1999.7.9
No.0502.2
(1) 実施機関名
東北大学大学院理学研究科
(2) 新建議の項目
1. 地震発生に至る地殻活動解明のための観測研究の推進
(2) 準備過程における地殻活動
(a) 小課題名
高精度移動微小地震観測による断層周辺の構造と応力のゆらぎの解明
(b) 関連する建議の項目
1. (1) ウ、(2) イ・ウ
(c) 平成11年度の到達目標
長町・利府断層地域において微小地震の稠密・広帯域地震観測を行い、長町・利府断層近傍での微小地震活動の特性を明らかにし、また、構造についての予備的解析を行なう。
(d) 平成11年度の実施計画の概要
臨時テレメター観測点および臨時広帯域観測点と既存の微小地震観測点、広帯域地震観測点を組み合わせることにより、稠密地震観測を実施し、長町・利府断層近傍での微小地震活動の特性と構造の特徴を明らかにする。さらに
8月に実施予定のJAMSTECによる海域構造探査実験の際に、断層深部構造の情報を得るために、東京大学地震研究所・山形大学理学部と共同で陸域に高密度の臨時観測点を設置する予定である。また、東北地方脊梁地域における観測を地震活動が高い地域を中心に再配置し観測を継続する。これらの観測の総予算規模は約7,000千円。参加人員は約10名。
(参考:科学技術庁振興調整費「陸域震源断層の深部すべり過程のモデル化に関する総合研究」(地質調査所・他)
により、長町・利府断層地域において構造探査予備実験 が実施される予定である。)
(e) 全体計画のうちの平成11年度の計画の位置づけ
長町・利府断層地域において平成11年度から開始される稠密・広帯域地震観測は平成12年度以降も継続する。
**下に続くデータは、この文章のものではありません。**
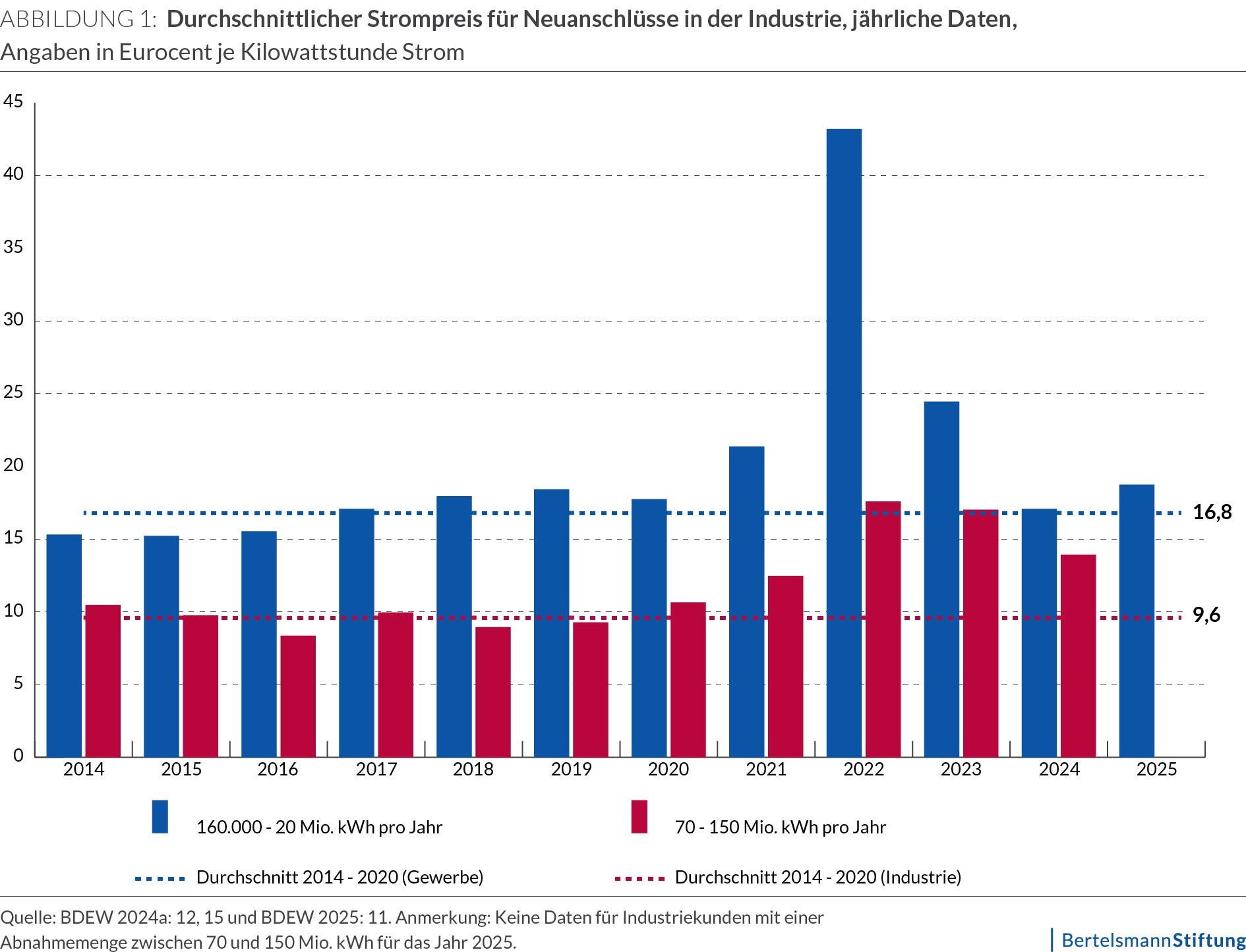 Immerhin erreichten sie im Durchschnitt des Jahres 2024 zumindest für Gewerbebetriebe wieder das durchschnittliche Niveau der Jahre 2014 bis 2020 (siehe Abb. 1). Gewerbebetriebe sind Unternehmen mit einer jährlichen Verbrauchsmenge von 160.000 bis 20 Millionen Kilowattstunden Strom.

上記振興調整費によって平成12年度から行われる稠密地震観測によるデータも利用し、得られたデータから長町・利府断層近傍での地震のクラスターと空白域を抽出する。クラスターごとのメカニズム解・応力降下量・中小地震の震源過程を精度よく求め、応力テンソルインバージョンによる応力の情報や
GPS観測データ(上記振興調整費による)等との比較から、長町・利府断層上での強度分布の推定を行う。さらに砕石発破・自然地震の後続波の観測や平成13年度に実施される構造探査(上記振興調整費による)
等により推定される長町・利府断層近傍での不均質構造との比較から、強度の不均一性の原因について考察する。
また、過去約百年以内に大地震が発生した領域(陸羽地震震源域、宮城県北部地震震源域等)において、平成12年度以降に同様の観測を実施し、脊梁地域で継続中の観測データとあわせ、大地震発生後の微小地震活動と断層帯の構造の特徴を抽出し、長町・利府断層の現状と比較することにより、当該断層が次の地震にむけた準備過程にあるのか否かの評価を試みる予定である。